> Records shown:
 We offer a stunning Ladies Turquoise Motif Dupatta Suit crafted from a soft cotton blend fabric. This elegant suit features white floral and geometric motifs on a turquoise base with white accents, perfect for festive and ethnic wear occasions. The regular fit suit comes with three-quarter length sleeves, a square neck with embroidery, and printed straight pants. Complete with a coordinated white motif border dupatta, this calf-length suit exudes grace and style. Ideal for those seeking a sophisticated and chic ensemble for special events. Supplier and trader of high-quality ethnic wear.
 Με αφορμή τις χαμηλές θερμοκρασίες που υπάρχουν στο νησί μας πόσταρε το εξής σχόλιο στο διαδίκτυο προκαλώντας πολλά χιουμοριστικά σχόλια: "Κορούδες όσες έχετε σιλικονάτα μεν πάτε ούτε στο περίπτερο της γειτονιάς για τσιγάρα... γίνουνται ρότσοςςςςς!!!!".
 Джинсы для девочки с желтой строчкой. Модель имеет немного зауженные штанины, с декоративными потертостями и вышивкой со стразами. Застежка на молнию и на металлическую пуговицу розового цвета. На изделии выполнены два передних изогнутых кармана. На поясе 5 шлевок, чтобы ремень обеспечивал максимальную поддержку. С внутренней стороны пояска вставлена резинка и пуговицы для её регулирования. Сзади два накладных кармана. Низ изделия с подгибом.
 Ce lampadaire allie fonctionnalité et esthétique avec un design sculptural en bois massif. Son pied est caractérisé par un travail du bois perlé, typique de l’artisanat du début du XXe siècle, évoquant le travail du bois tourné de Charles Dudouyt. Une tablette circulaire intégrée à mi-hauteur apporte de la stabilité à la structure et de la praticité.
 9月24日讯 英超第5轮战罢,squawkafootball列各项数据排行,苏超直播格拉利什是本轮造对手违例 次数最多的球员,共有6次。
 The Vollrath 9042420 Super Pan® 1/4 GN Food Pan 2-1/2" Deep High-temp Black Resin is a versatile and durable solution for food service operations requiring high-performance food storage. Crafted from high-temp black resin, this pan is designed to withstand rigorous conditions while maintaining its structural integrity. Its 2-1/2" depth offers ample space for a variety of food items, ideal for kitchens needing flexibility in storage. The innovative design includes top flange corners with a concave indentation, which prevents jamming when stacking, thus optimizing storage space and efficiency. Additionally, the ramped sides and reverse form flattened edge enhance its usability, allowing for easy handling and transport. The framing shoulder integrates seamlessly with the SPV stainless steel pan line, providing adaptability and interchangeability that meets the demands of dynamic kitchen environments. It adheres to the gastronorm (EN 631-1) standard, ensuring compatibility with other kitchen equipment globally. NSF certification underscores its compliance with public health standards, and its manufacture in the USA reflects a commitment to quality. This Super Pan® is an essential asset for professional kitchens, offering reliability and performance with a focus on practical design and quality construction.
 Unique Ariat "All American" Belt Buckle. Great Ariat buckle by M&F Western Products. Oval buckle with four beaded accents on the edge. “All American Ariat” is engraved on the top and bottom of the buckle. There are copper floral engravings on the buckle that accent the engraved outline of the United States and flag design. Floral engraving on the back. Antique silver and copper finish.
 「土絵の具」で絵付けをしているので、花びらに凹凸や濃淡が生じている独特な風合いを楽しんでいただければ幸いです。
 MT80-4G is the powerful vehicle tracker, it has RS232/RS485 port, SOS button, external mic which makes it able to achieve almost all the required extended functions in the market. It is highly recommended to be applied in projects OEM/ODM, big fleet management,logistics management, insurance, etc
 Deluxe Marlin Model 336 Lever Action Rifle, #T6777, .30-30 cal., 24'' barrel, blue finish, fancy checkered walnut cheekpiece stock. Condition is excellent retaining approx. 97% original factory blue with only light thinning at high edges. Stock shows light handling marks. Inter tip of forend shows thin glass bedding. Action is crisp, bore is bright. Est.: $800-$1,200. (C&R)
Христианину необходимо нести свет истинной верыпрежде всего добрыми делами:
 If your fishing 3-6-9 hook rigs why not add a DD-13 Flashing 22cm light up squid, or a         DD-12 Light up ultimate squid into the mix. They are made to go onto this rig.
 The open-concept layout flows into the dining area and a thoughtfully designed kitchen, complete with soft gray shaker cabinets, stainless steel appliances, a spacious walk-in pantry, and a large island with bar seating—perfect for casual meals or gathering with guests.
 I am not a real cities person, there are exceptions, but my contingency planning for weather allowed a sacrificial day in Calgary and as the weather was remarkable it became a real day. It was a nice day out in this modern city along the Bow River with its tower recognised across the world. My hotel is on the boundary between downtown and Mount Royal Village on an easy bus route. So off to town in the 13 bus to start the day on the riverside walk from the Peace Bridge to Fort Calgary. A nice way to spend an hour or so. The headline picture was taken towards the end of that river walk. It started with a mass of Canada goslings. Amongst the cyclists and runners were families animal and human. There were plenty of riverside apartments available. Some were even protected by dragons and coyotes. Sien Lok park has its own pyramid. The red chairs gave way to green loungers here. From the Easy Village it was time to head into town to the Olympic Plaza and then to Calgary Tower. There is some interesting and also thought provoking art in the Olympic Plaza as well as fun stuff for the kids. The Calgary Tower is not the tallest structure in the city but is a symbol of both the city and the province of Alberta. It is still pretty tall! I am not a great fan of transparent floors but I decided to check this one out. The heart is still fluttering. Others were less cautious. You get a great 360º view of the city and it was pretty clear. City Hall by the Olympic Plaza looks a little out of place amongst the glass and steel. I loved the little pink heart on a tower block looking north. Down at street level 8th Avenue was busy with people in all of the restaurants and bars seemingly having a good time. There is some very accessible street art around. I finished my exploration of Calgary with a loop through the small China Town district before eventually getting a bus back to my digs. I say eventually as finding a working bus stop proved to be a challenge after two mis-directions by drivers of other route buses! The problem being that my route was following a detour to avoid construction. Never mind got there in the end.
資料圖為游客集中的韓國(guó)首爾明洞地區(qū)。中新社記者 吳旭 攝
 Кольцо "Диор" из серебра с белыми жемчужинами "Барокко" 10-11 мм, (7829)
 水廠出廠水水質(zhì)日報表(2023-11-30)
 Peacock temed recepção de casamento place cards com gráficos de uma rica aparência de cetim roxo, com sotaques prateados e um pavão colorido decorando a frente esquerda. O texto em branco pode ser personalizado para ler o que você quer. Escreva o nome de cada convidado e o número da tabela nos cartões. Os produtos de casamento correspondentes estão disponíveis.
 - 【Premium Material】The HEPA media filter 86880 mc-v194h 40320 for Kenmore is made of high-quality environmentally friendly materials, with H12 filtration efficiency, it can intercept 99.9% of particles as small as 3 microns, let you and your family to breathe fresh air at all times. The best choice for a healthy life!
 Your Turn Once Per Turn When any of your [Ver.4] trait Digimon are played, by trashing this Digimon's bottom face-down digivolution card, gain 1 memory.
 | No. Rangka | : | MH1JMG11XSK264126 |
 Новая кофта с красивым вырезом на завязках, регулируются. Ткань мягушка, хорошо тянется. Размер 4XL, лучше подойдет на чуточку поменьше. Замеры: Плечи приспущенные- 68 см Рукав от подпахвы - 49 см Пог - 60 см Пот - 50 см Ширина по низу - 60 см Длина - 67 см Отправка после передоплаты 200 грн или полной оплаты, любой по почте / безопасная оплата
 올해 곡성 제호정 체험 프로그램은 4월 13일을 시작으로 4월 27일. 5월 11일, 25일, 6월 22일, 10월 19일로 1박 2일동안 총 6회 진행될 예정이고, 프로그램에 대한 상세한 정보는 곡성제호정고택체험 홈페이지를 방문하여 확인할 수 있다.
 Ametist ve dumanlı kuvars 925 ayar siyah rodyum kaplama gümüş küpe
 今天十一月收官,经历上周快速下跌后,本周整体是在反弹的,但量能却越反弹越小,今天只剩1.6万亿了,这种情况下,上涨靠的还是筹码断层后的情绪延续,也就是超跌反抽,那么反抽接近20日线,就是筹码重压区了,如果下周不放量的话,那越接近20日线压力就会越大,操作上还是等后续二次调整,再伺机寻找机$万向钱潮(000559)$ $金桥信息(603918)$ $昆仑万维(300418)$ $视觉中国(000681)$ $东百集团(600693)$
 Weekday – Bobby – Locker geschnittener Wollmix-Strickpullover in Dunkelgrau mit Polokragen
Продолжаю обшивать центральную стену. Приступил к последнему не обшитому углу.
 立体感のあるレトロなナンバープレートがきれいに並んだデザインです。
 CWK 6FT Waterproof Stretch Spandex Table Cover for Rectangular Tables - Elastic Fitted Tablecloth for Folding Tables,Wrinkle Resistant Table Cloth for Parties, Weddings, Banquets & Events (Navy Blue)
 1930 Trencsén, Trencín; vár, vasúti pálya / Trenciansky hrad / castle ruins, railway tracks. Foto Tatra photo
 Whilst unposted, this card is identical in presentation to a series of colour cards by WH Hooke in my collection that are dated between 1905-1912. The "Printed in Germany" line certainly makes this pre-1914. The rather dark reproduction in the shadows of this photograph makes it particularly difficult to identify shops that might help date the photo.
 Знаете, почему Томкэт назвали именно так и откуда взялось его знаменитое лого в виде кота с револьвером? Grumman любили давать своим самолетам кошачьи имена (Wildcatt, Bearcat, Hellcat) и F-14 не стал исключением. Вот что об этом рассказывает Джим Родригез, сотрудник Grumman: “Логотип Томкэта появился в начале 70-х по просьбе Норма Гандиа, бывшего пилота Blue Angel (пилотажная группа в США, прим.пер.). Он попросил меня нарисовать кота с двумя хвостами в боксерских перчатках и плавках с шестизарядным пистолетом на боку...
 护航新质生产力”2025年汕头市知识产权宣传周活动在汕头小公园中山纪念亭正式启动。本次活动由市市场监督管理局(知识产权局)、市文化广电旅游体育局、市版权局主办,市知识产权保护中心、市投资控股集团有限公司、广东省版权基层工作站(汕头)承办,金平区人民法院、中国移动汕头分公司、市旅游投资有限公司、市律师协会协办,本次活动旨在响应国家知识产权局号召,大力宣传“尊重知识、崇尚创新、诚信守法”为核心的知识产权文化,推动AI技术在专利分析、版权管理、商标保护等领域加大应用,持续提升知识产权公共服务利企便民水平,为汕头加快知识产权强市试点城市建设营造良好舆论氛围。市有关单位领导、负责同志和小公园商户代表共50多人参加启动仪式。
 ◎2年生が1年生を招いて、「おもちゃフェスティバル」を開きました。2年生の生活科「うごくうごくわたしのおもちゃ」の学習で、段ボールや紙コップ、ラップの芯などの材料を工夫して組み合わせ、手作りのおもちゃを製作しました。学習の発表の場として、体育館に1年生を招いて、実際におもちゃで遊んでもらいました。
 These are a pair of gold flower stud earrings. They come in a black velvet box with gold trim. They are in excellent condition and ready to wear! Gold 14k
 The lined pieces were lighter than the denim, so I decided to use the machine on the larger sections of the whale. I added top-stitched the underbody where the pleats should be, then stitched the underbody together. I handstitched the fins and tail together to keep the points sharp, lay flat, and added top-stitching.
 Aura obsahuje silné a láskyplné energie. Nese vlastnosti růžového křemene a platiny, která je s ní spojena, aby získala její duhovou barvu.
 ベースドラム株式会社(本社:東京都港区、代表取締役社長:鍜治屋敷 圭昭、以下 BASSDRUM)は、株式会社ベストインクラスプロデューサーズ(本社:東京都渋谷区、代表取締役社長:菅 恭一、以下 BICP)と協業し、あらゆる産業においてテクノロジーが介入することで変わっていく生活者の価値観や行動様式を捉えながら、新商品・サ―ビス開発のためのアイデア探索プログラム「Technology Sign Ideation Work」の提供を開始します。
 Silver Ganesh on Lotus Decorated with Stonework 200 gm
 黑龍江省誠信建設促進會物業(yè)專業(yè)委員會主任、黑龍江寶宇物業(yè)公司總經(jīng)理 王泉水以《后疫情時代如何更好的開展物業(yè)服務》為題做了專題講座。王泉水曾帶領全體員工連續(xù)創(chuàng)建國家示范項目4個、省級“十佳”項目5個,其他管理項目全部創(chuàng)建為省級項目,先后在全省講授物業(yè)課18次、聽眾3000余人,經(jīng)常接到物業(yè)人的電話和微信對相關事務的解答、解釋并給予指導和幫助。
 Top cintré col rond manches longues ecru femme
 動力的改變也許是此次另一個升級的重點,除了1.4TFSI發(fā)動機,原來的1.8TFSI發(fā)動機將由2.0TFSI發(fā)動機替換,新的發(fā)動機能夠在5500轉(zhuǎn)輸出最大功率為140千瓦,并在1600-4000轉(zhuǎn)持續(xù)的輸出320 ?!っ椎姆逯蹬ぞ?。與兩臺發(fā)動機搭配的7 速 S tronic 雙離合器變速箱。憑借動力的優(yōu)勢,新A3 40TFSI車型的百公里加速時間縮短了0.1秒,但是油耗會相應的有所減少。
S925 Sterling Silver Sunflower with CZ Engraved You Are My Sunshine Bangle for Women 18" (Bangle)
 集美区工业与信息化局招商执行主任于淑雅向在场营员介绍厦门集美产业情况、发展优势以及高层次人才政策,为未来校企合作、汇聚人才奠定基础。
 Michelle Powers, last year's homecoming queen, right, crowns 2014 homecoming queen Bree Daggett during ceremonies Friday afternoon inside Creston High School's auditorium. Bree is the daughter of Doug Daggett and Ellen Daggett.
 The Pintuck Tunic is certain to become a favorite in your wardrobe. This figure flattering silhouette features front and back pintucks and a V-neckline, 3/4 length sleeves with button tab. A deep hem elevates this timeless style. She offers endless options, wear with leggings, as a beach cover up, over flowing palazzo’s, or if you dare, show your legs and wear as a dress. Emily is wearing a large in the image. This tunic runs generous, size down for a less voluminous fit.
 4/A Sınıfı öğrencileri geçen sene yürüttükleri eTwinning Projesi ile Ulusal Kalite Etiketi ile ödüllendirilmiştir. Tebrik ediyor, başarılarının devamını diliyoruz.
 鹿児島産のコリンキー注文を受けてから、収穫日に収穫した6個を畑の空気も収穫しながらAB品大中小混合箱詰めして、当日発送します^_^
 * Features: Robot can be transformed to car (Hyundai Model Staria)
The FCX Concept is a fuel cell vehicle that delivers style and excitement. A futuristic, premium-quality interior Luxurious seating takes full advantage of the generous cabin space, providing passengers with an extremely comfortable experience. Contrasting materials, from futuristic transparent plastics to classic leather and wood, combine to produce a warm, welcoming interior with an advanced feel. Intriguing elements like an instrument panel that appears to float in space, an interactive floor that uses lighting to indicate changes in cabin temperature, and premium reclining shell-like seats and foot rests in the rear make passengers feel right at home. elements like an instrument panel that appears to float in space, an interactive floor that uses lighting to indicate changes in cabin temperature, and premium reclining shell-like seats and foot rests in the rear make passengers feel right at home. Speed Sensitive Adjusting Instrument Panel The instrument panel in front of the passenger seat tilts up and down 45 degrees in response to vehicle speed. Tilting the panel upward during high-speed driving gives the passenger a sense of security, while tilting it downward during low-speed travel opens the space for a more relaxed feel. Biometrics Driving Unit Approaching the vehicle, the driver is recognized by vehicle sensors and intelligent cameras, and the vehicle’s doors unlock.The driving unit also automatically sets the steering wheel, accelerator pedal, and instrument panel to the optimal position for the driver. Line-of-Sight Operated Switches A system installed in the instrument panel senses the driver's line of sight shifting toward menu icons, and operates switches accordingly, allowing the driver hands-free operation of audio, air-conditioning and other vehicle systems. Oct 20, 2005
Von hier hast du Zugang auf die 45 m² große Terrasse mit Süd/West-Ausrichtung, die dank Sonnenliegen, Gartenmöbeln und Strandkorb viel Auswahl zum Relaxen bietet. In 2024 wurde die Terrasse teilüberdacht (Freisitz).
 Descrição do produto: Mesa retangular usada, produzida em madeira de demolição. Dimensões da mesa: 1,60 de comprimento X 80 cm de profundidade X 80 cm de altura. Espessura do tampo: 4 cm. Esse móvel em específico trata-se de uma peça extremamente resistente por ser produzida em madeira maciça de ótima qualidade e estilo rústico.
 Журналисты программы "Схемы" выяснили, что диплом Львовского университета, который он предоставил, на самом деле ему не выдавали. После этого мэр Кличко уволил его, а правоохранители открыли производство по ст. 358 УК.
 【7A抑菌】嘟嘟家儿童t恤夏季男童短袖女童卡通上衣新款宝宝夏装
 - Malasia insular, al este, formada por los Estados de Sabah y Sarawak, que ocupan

> What you are asked to do:
From the material above, set down exactly the lines between the line holding "Sign Ideation Work」の提供を開始します。" and the line holding "4/A Sınıfı öğrencileri", inclusive. Include nothing else.

> Answer space:
 ベースドラム株式会社(本社:東京都港区、代表取締役社長:鍜治屋敷 圭昭、以下 BASSDRUM)は、株式会社ベストインクラスプロデューサーズ(本社:東京都渋谷区、代表取締役社長:菅 恭一、以下 BICP)と協業し、あらゆる産業においてテクノロジーが介入することで変わっていく生活者の価値観や行動様式を捉えながら、新商品・サ―ビス開発のためのアイデア探索プログラム「Technology Sign Ideation Work」の提供を開始します。
 Silver Ganesh on Lotus Decorated with Stonework 200 gm
 黑龍江省誠信建設促進會物業(yè)專業(yè)委員會主任、黑龍江寶宇物業(yè)公司總經(jīng)理 王泉水以《后疫情時代如何更好的開展物業(yè)服務》為題做了專題講座。王泉水曾帶領全體員工連續(xù)創(chuàng)建國家示范項目4個、省級“十佳”項目5個,其他管理項目全部創(chuàng)建為省級項目,先后在全省講授物業(yè)課18次、聽眾3000余人,經(jīng)常接到物業(yè)人的電話和微信對相關事務的解答、解釋并給予指導和幫助。
 Top cintré col rond manches longues ecru femme
 動力的改變也許是此次另一個升級的重點,除了1.4TFSI發(fā)動機,原來的1.8TFSI發(fā)動機將由2.0TFSI發(fā)動機替換,新的發(fā)動機能夠在5500轉(zhuǎn)輸出最大功率為140千瓦,并在1600-4000轉(zhuǎn)持續(xù)的輸出320 ?!っ椎姆逯蹬ぞ?。與兩臺發(fā)動機搭配的7 速 S tronic 雙離合器變速箱。憑借動力的優(yōu)勢,新A3 40TFSI車型的百公里加速時間縮短了0.1秒,但是油耗會相應的有所減少。
S925 Sterling Silver Sunflower with CZ Engraved You Are My Sunshine Bangle for Women 18" (Bangle)
 集美区工业与信息化局招商执行主任于淑雅向在场营员介绍厦门集美产业情况、发展优势以及高层次人才政策,为未来校企合作、汇聚人才奠定基础。
 Michelle Powers, last year's homecoming queen, right, crowns 2014 homecoming queen Bree Daggett during ceremonies Friday afternoon inside Creston High School's auditorium. Bree is the daughter of Doug Daggett and Ellen Daggett.
 The Pintuck Tunic is certain to become a favorite in your wardrobe. This figure flattering silhouette features front and back pintucks and a V-neckline, 3/4 length sleeves with button tab. A deep hem elevates this timeless style. She offers endless options, wear with leggings, as a beach cover up, over flowing palazzo’s, or if you dare, show your legs and wear as a dress. Emily is wearing a large in the image. This tunic runs generous, size down for a less voluminous fit.
 4/A Sınıfı öğrencileri geçen sene yürüttükleri eTwinning Projesi ile Ulusal Kalite Etiketi ile ödüllendirilmiştir. Tebrik ediyor, başarılarının devamını diliyoruz.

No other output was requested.